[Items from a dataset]

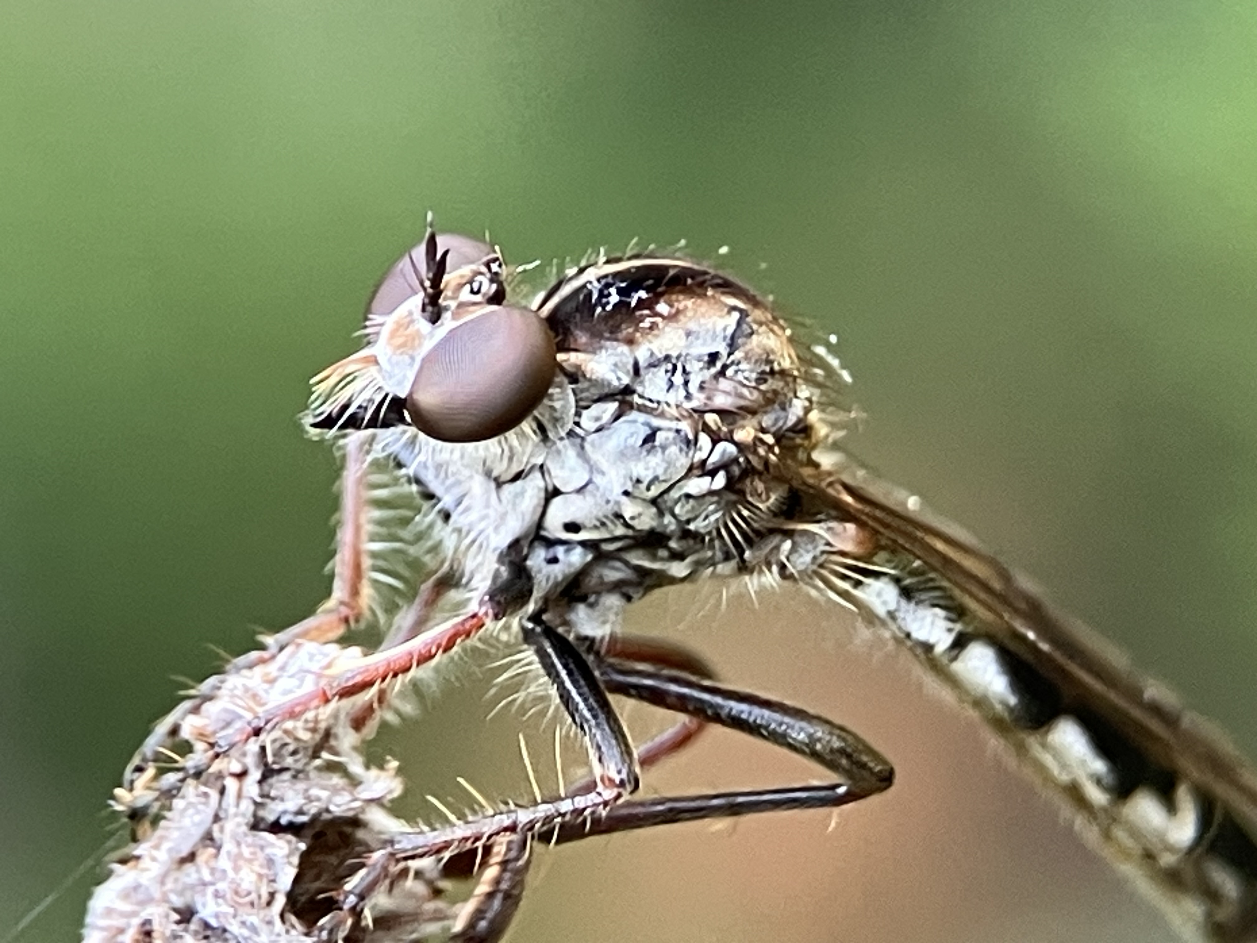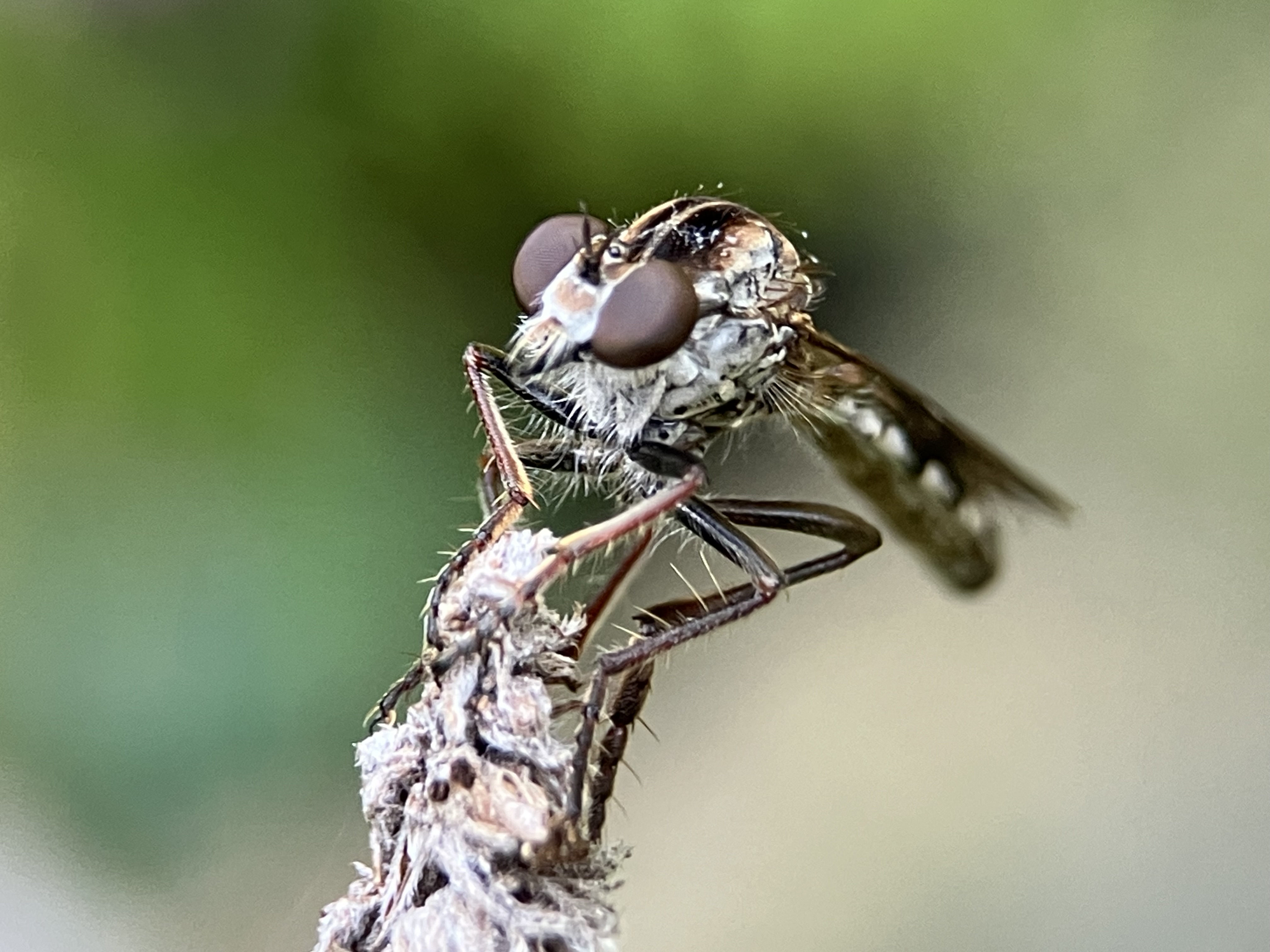 It has taken a bit of time to finally sort out genus and species for this very cool Robber fly with beautiful caramel-brown mottled wings I spied the evening of June 6, 2025. It perched on a dried apple mint stem from last season, no doubt scouting the terrain to see what might be on the menu for dinner. Robber flies (Family Asilidae) are predatory. They catch other small invertebrates to eat, paralyzing them with special salivary digestive enzymes and then sucking up the liquified contents through the proboscis (Cannings, 2013).
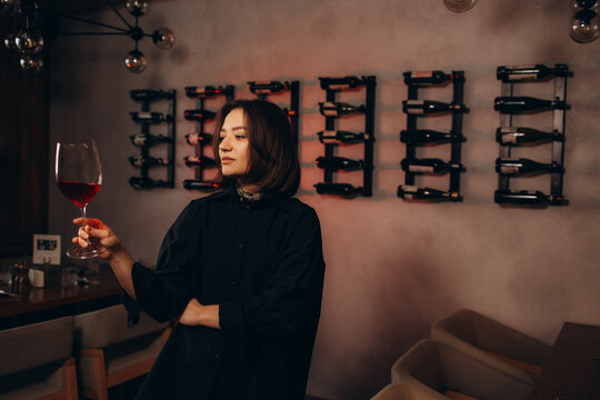 Woman doing wine tasting, drinking glass of chardonnay or sauvignon blanc in winery cellar amongst barrels on vineyard. Beautiful oenologist or sommelier enjoying a relaxing, luxury beverage indoors.
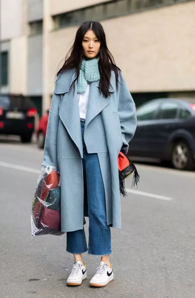 雾霾蓝大衣还有个好处是搭配不用愁。你衣柜里有的黑、白、灰、牛仔蓝等单品统统都是它的好朋友。
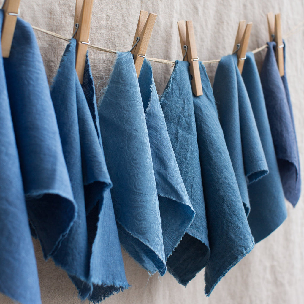 Indigo (natural) – natural indigo powder is an extract prepared from Indigofera tinctoria which is cultivated for this purpose. Indigo is the legendary source of colourfast blues and its ability to produce a wide range of shades has made it the most successful dye plant ever known. Indigo grows all over the world but flourishes best in hot, sunny, humid areas. Indigo can give clear blues that range from the tint of a pale sky to a deep navy that is almost black. Our indigo comes from a farm in south India and is very strong (approx 40% indigotin). It reduces beautifully in an indigo vat.
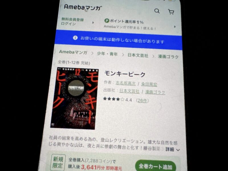 キャンペーンを利用することで一部の巻は無料で読めるため、お得にモンキーピーク漫画を全巻読むためには利用しましょう。
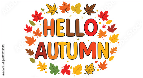 Hello Autumn Leaves Border Design For Seasonal Greetings Card
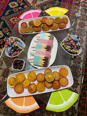 I made simple cupcakes for breakfast and set them out with some other treats:
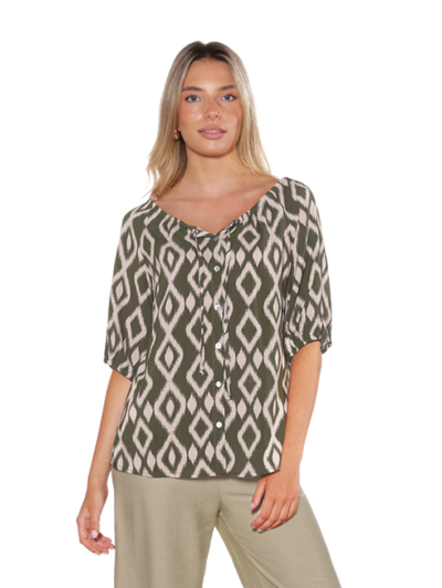Blusón estampado en tonos verdes con motivo geométrico que aporta carácter y un aire natural al look. Presenta escote redondeado con abertura y tapeta frontal abotonada que estiliza sutilmente la silueta. Sus mangas amplias y su corte relajado ofrecen comodidad y una caída fluida muy favorecedora. Una prenda versátil y con personalidad, ideal para combinar con pantalones lisos y conseguir un conju
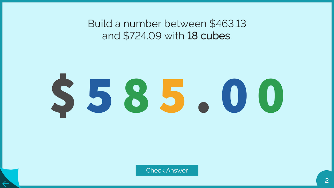 - بسازید: از دانش آموزان خواسته می شود تا با قرار دادن مکعب در برج های Cube یک عدد مورد نظر را ایجاد کنند.
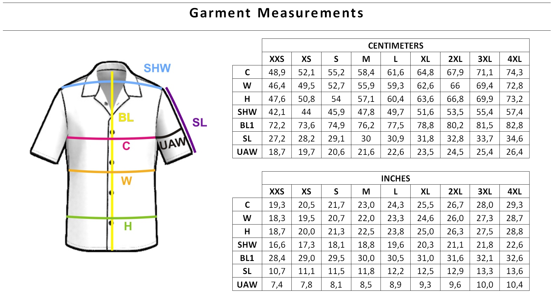 Garment Measurements:
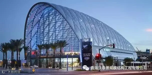 膜结构是建筑结构中最新发展起来的一种形式,它以性能优良的织物为材料,或是向膜内充气,由空气压力支撑膜,或是利用柔性钢索或钢性支撑结构将面绷紧,从而形成具有一定钢度、能够覆盖大跨度空间的结构体系。这种高强度柔性薄膜材料,能够实现多样化的建筑造型,上世纪60年代起,它成为各类标志性建筑的流行元素。
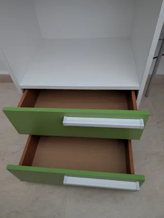 Escritorio juvenil con un diseño moderno y funcional. Estructura principal en color blanco y cajones frontales en color verde.
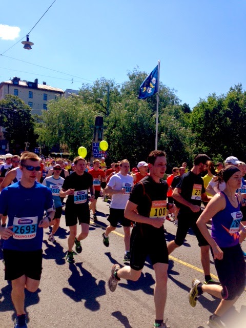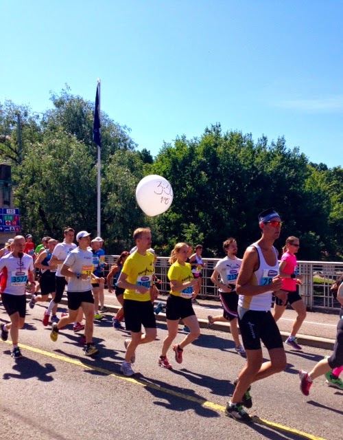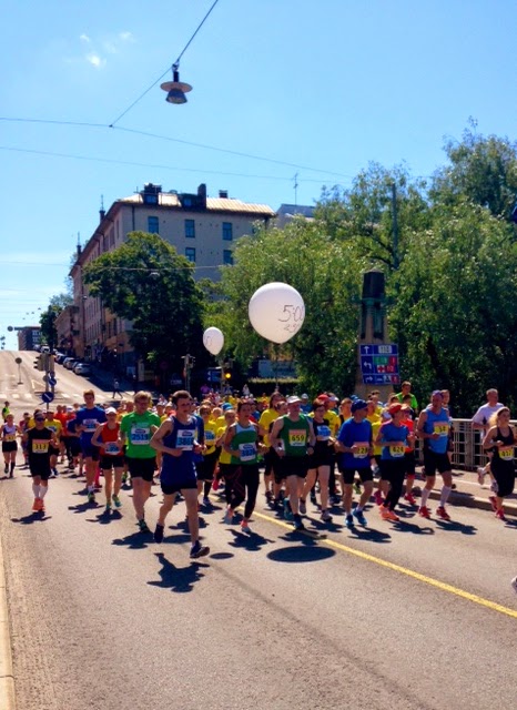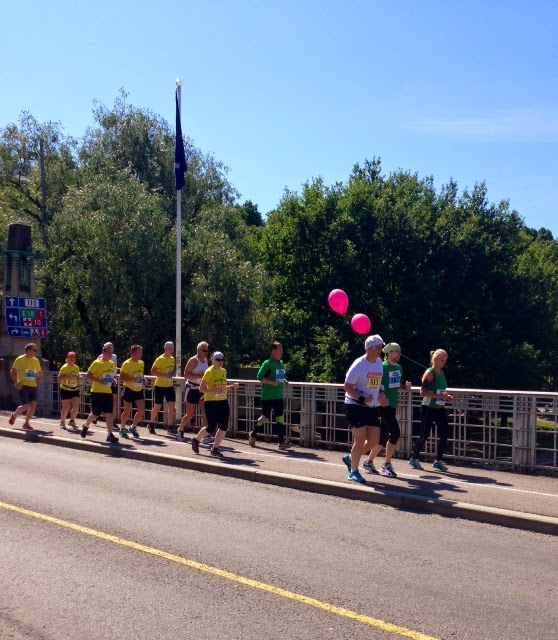 Lauantaina oli vielä Paavo Nurmi maraton, johon olisi kiva joku vuosi osallistua, mutta tänä vuonna ainakin jäi väliin. Pakko se oli silti mennä reitin varrelle vähän kannustamaan osallistujia ja Vauhtisammakon jäniksiä. Sammakoista tuli siis yhdeksi päiväksi jäniksiä. Jäniksille oli annettu mukaan ilmapallot joissa oli tavoiteaika mainittuna niin oli helppo juosta sen oman ajan mukaan jonkun muun osoittamalla tahdilla. Olivat kuulemma saaneet paljon kiitoksia hyvin hoidetusta hommasta. Hyvä Vauhtisammakot!

● Exercise prompt: Each record above should be repeated exactly, please, without pictures.

● Your response:
 It has taken a bit of time to finally sort out genus and species for this very cool Robber fly with beautiful caramel-brown mottled wings I spied the evening of June 6, 2025. It perched on a dried apple mint stem from last season, no doubt scouting the terrain to see what might be on the menu for dinner. Robber flies (Family Asilidae) are predatory. They catch other small invertebrates to eat, paralyzing them with special salivary digestive enzymes and then sucking up the liquified contents through the proboscis (Cannings, 2013).
 Woman doing wine tasting, drinking glass of chardonnay or sauvignon blanc in winery cellar amongst barrels on vineyard. Beautiful oenologist or sommelier enjoying a relaxing, luxury beverage indoors.
 雾霾蓝大衣还有个好处是搭配不用愁。你衣柜里有的黑、白、灰、牛仔蓝等单品统统都是它的好朋友。
 Indigo (natural) – natural indigo powder is an extract prepared from Indigofera tinctoria which is cultivated for this purpose. Indigo is the legendary source of colourfast blues and its ability to produce a wide range of shades has made it the most successful dye plant ever known. Indigo grows all over the world but flourishes best in hot, sunny, humid areas. Indigo can give clear blues that range from the tint of a pale sky to a deep navy that is almost black. Our indigo comes from a farm in south India and is very strong (approx 40% indigotin). It reduces beautifully in an indigo vat.
 キャンペーンを利用することで一部の巻は無料で読めるため、お得にモンキーピーク漫画を全巻読むためには利用しましょう。
 Hello Autumn Leaves Border Design For Seasonal Greetings Card
 I made simple cupcakes for breakfast and set them out with some other treats:
Blusón estampado en tonos verdes con motivo geométrico que aporta carácter y un aire natural al look. Presenta escote redondeado con abertura y tapeta frontal abotonada que estiliza sutilmente la silueta. Sus mangas amplias y su corte relajado ofrecen comodidad y una caída fluida muy favorecedora. Una prenda versátil y con personalidad, ideal para combinar con pantalones lisos y conseguir un conju
 - بسازید: از دانش آموزان خواسته می شود تا با قرار دادن مکعب در برج های Cube یک عدد مورد نظر را ایجاد کنند.
 Garment Measurements:
 膜结构是建筑结构中最新发展起来的一种形式,它以性能优良的织物为材料,或是向膜内充气,由空气压力支撑膜,或是利用柔性钢索或钢性支撑结构将面绷紧,从而形成具有一定钢度、能够覆盖大跨度空间的结构体系。这种高强度柔性薄膜材料,能够实现多样化的建筑造型,上世纪60年代起,它成为各类标志性建筑的流行元素。
 Escritorio juvenil con un diseño moderno y funcional. Estructura principal en color blanco y cajones frontales en color verde.
 Lauantaina oli vielä Paavo Nurmi maraton, johon olisi kiva joku vuosi osallistua, mutta tänä vuonna ainakin jäi väliin. Pakko se oli silti mennä reitin varrelle vähän kannustamaan osallistujia ja Vauhtisammakon jäniksiä. Sammakoista tuli siis yhdeksi päiväksi jäniksiä. Jäniksille oli annettu mukaan ilmapallot joissa oli tavoiteaika mainittuna niin oli helppo juosta sen oman ajan mukaan jonkun muun osoittamalla tahdilla. Olivat kuulemma saaneet paljon kiitoksia hyvin hoidetusta hommasta. Hyvä Vauhtisammakot!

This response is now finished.